Эмилиян Станев - Будни и праздники
Когда они наконец приехали и он увидел накаленный перрон, по которому расхаживал часовой с примкнутым штыком, ему показалось, что он сошел в незнакомом городе.
Почерневшее от копоти здание вокзала, накаленные рельсы, немая равнина, залитая солнцем, и мертвая тишина, наступившая на станции, как только отошел поезд, произвели на него тягостное впечатление.
Он взял в руки оба чемодана и вышел, сопровождаемый женой, на привокзальную площадь. На площади было пусто и глухо. Большие ставни мучных лабазов были закрыты, железные полосы, прибитые крест-накрест, придавали им старинный вид — казалось, они никогда уже больше не откроются. Город лежал в тени гор, странно притихший, словно праздновал утомительно долгий праздник. Несколько пролеток, серых от пыли, запряженных тощими лошаденками, с сиденьями, покрытыми холстиной, ждали седоков.

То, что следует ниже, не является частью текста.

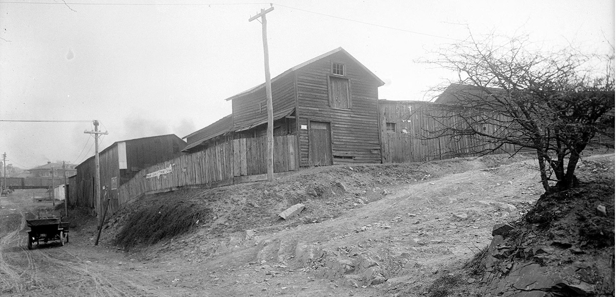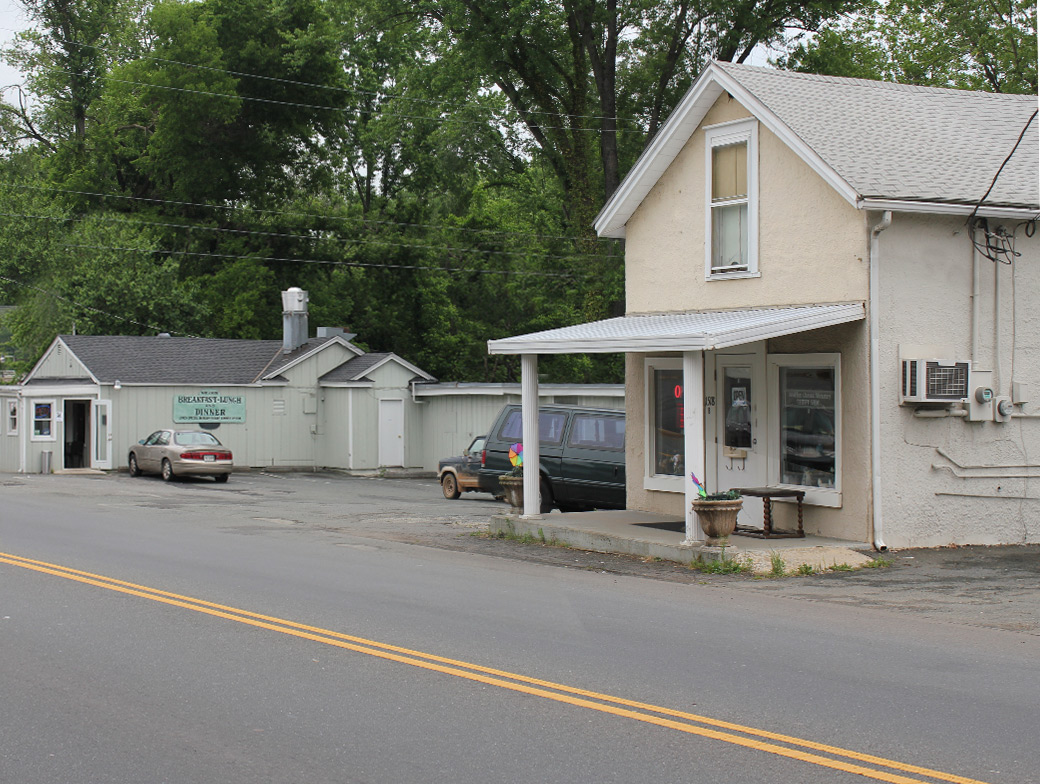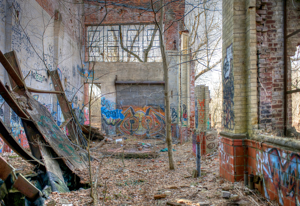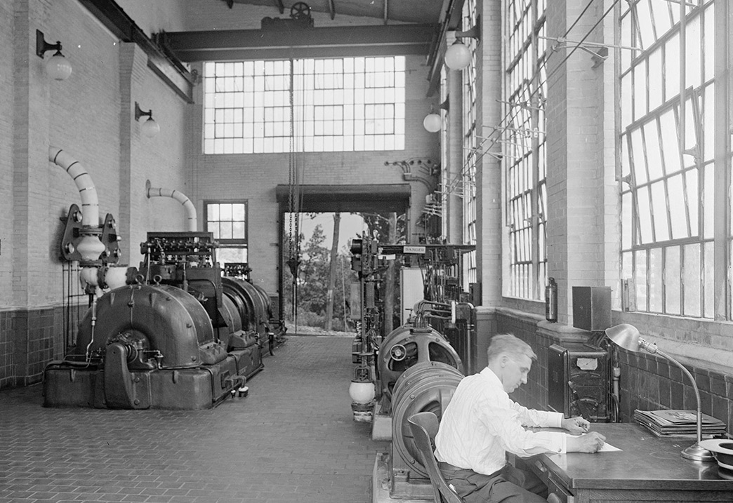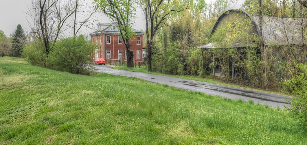 The Charlottesville & Albemarle Railway Power Plant near Woolen Mills, circa 1914, shortly after it was built. The plant’s proximity to the river allowed for use of water to operate the steam turbines. It’s proximity to the railroad allowed for delivery of coal. The plant produced electricity which was used primarily to operate an electric streetcar system running between downtown Charlottesville and the University of Virginia. The more recent shot shows it again about a century later, completely abandoned. (B&W image courtesy Special Collections, UVA Library)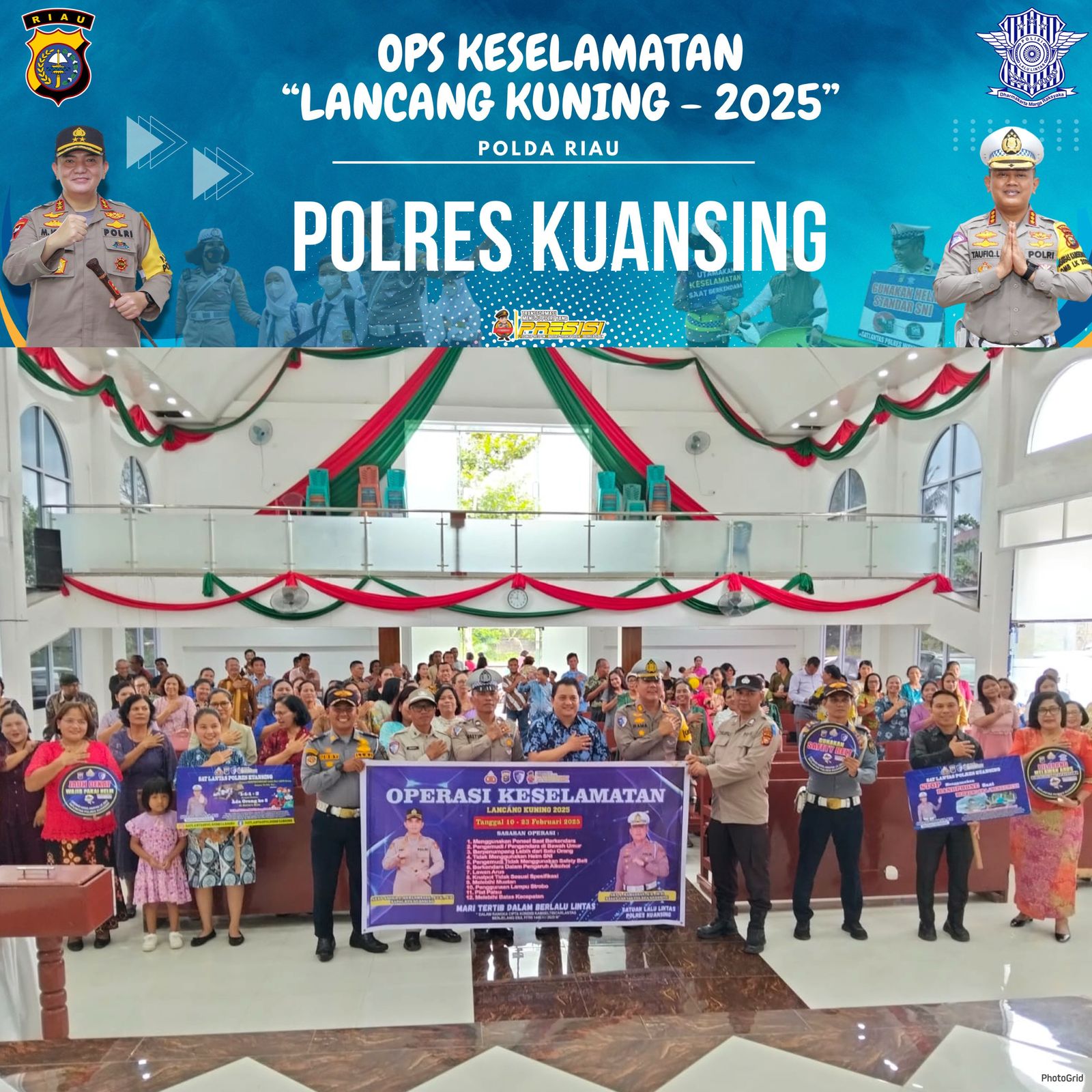 Kegiatan ini dihadiri oleh Kasat Lantas Polres Kuansing AKP A. Ramadhan, S.H., M.Si., personel Satgas Preemtif Ops Keselamatan Lancang Kuning 2025, personel Dinas Perhubungan (Dishub), serta Pendeta Desti Manoppo-Wowondatu, S.Si-Teol, bersama sekitar 150 jemaat Gereja GPIB Efrata.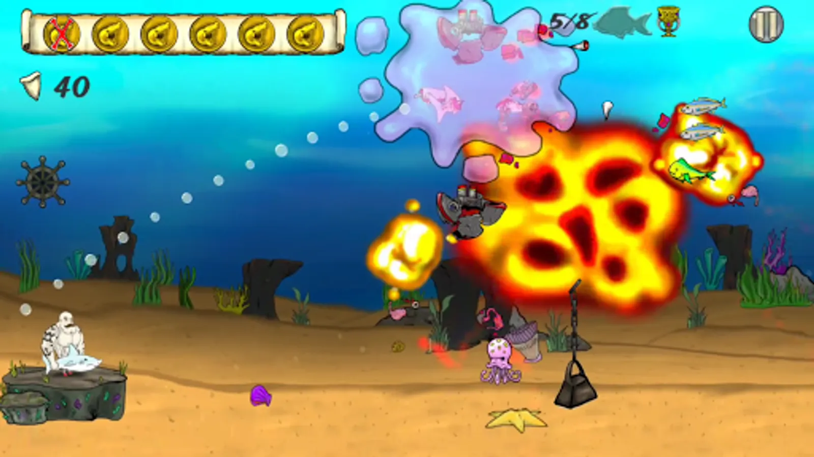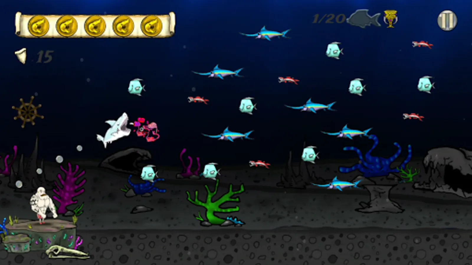 Shark Thrower is a, action puzzle game featuring ravenously hungry sharks, unfortunately unaware fish, challenging obstacles and a burly sailor (or sailorette) with a penchant for throwing things; especially sharks. Carefully assess each level before hucking your sharks across the sea at unsuspecting fish while avoiding obstacles like the shipwreck and deep sea mine. Use the unique abilities of each shark to clear straight lines with the Bull Shark, and disarm obstacles with the Hammerhead, and take advantage of various helpers on each level to make your limited number of sharks deal more carnage. But, watch out: not everything is helpful!
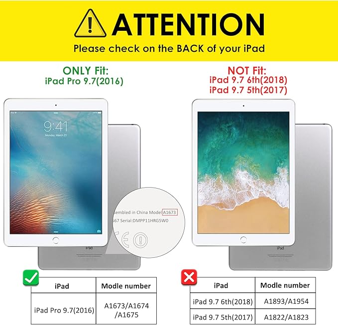 【対応機種】適用のiPad型番:A1673/A1674/1675。お使いのiPadの裏面にあるモデル番号を確認してください。マグネット内蔵、オートスリープとオートウェイクアップ機能付き。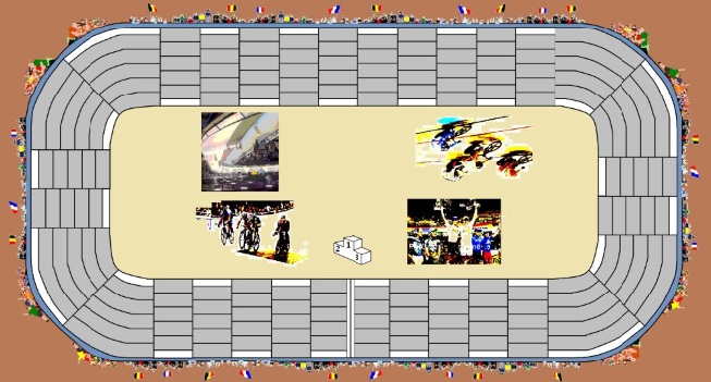 This game has been in my head for some time now and I think it’s worth a playtesting. It is very loosely based on Sprint Cycling. When I was young this always struck me as a daft name because they don’t (sprint, that is) at least not until the final 200 metres or so. The bulk of the contest is taken up by an elaborate battle of wits in an attempt to hang behind the opposing cyclist until the last possible moment.
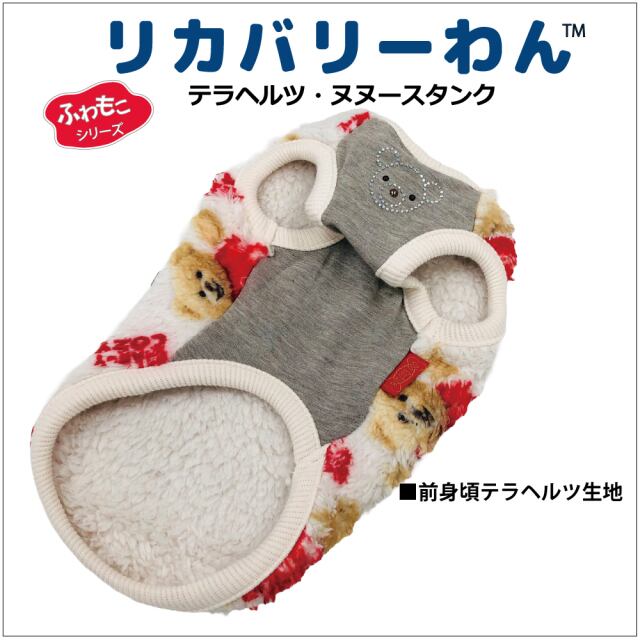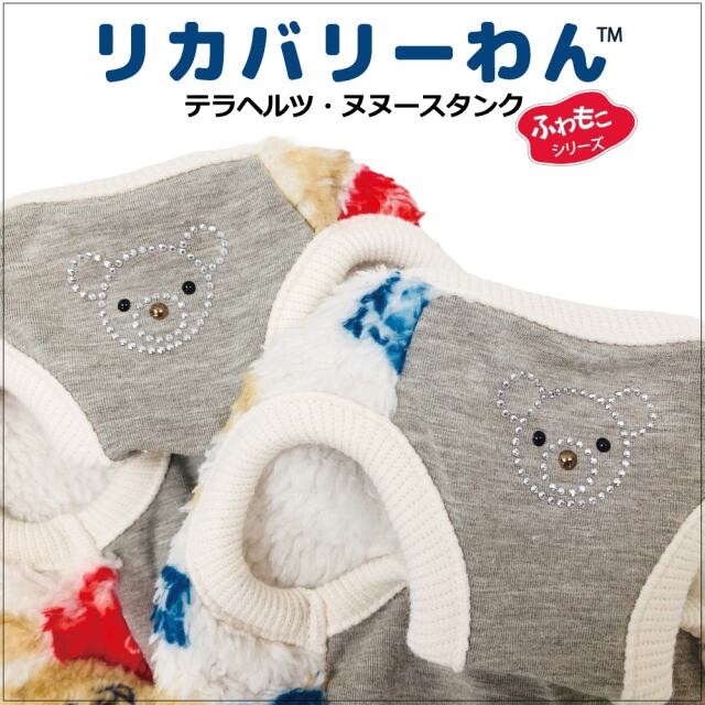 究極のパワーストーンといわれるテラヘルツ人工鉱石を配合した生地を使用しています。 ワンちゃんの体の事を考えて作った機能素材「リカバリーわん」シリーズ。 テラヘルツは身体の弱い部分に働きかける作用があります。 浸透能力に優れており、健康を促す働きをすると言われています。 リカバリーウェアとしてすべてのワンちゃんにおすすめですが特にシニアや病気がちのワンちゃんに 効果を発揮するということで介護補助ウェアとしてもご使用いただけます。 大きめクマさんの総柄タンク。前身頃のキラキラクマさんもCUTE。 表はふわふわのボア。裏側はテラヘルツ生地。同じ柄のハーネス、マットあります。

— Как будто это не тот город, куда мы ездим каждый год, — сказал Манев жене, когда они тряслись по городским улицам в одной из этих пролеток. — На базаре пусто, в лавках вроде бы ничего нет, а люди между тем торгуют и наживают целые состояния.
— Как те, что ехали с нами в одном купе… Один курил сигарету за сигаретой. Как можно так нахально себя вести! — сказала она, и в ее черных глазах вспыхнул огонь возмущения, который он так любил видеть.
— Они того же поля ягода, что и Арсов, — заметил он.
Арсов был их сосед по квартире, фабрикант.
— Арсов по крайней мере интеллигентен, у него есть вкус. Если бы ты к ним зашел, ты сам бы в этом убедился.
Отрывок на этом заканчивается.